🔬 Researchers have developed a method to detect different isoforms of plasmid DNA using microfluidic electrophoresis.
🧬 The method can detect isoforms as small as 0.1 ng/µL for supercoiled and linear isoforms and 0.5 ng/µL for circular isoforms.
💉 This method can help optimize pDNA production processes and ensure the quality of nucleic acid-based vaccines and therapies.
🧪 The scientists developed a microfluidic supercoiled pDNA assay and validated its separation efficacy.
💡 The next step is to quantify the isoforms in terms of size and concentration.
🧬 The method can detect isoforms as small as 0.1 ng/µL for supercoiled and linear isoforms and 0.5 ng/µL for circular isoforms.
💉 This method can help optimize pDNA production processes and ensure the quality of nucleic acid-based vaccines and therapies.
🧪 The scientists developed a microfluidic supercoiled pDNA assay and validated its separation efficacy.
💡 The next step is to quantify the isoforms in terms of size and concentration.
📢 Breakthrough Method Detects Different DNA Forms
Introduction:
This article discusses a new method for assessing different isoforms of plasmid DNA (pDNA) using microfluidic electrophoresis.
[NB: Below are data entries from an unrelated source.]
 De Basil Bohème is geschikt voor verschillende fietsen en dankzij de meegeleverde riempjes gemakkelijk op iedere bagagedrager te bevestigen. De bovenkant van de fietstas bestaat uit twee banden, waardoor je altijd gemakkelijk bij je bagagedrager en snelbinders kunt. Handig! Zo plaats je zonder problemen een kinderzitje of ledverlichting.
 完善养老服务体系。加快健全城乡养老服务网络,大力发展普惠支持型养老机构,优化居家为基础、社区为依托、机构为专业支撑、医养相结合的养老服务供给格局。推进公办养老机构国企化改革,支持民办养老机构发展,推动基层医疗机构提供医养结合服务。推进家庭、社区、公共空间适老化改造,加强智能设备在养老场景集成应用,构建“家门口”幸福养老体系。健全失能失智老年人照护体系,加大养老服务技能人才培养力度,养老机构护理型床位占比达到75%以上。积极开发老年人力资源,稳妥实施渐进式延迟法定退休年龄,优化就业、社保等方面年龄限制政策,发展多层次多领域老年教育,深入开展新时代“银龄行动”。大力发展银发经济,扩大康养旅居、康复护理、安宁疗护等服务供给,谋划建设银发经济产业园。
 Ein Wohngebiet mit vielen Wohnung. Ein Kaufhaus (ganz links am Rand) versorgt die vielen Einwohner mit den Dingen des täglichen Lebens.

The researchers developed a high-throughput microfluidic electrophoresis technique to detect supercoiled, linear, and open circular pDNA isoforms. This method can help optimize processes and analyze batches of pDNA.
Main points:
- The demand for pDNA for nucleic acid-based vaccines and therapies is increasing, and it is important to ensure the quality and purity of the pDNA.
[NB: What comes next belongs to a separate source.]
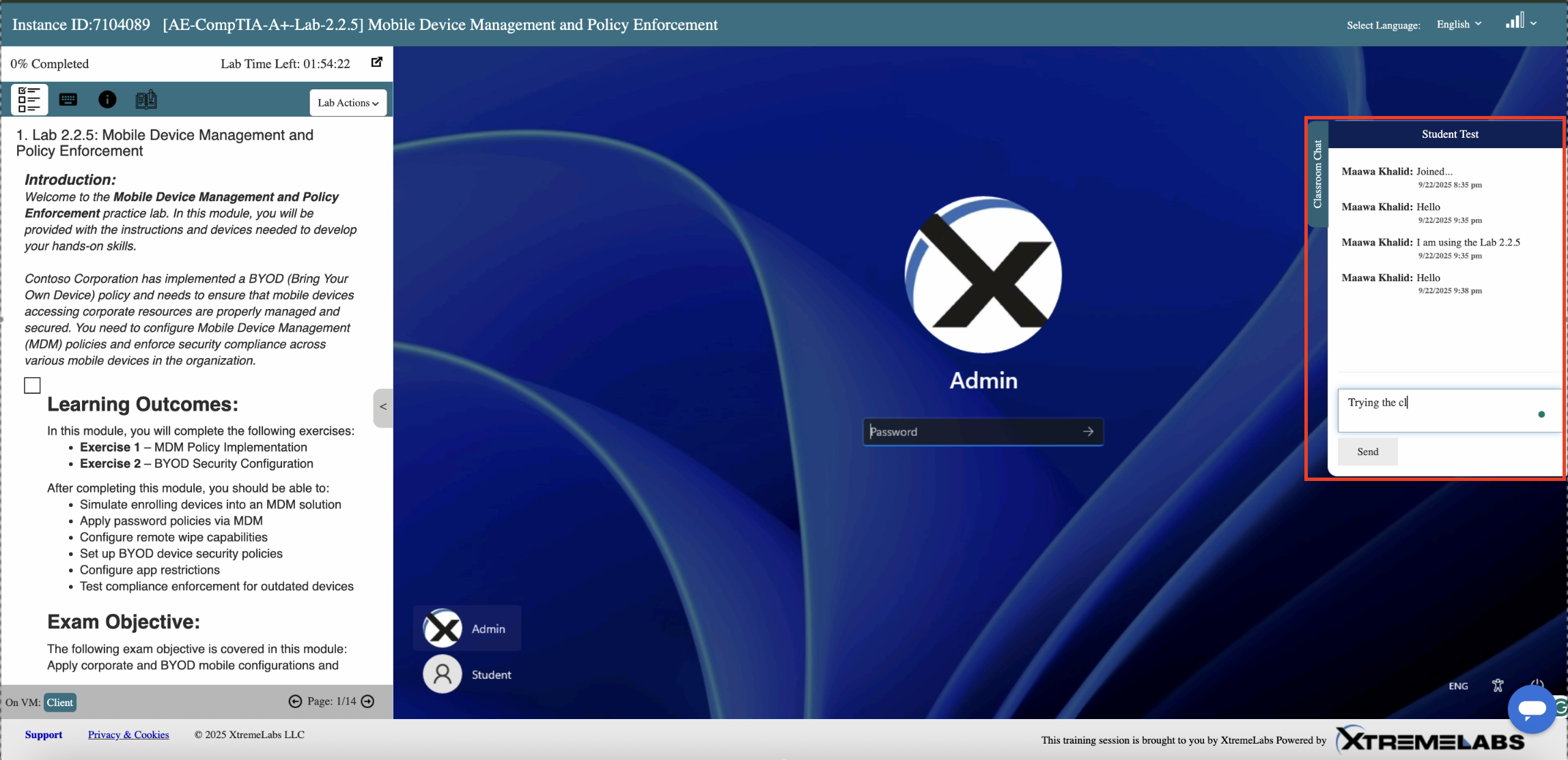 By embedding communication directly into the learning experience, Classroom Chat transforms the virtual lab environment into a truly interactive digital classroom—one where support, collaboration, and engagement happen naturally as part of the workflow.

- The new method developed by the researchers can detect supercoiled, linear, and open circular pDNA isoforms.
- The method has a high sensitivity and can detect isoforms as small as 0.1 ng/µL for supercoiled and linear isoforms, and 0.5 ng/µL for the circular isoform.
- The researchers optimized the separation of supercoiled and linear isoforms using a 0.10% gel concentration and a 2200 V separation for pDNA samples.
- The method generates consistent results and matches the length of supercoiled or linear plasmids determined by ladders.
Conclusion:
The development of this microfluidic electrophoresis method allows for the accurate assessment of different isoforms of pDNA, which is crucial for ensuring the quality and efficacy of nucleic acid-based vaccines and therapies. Further research is needed to deepen the understanding of these isoforms and enable their quantitation in terms of size and concentration.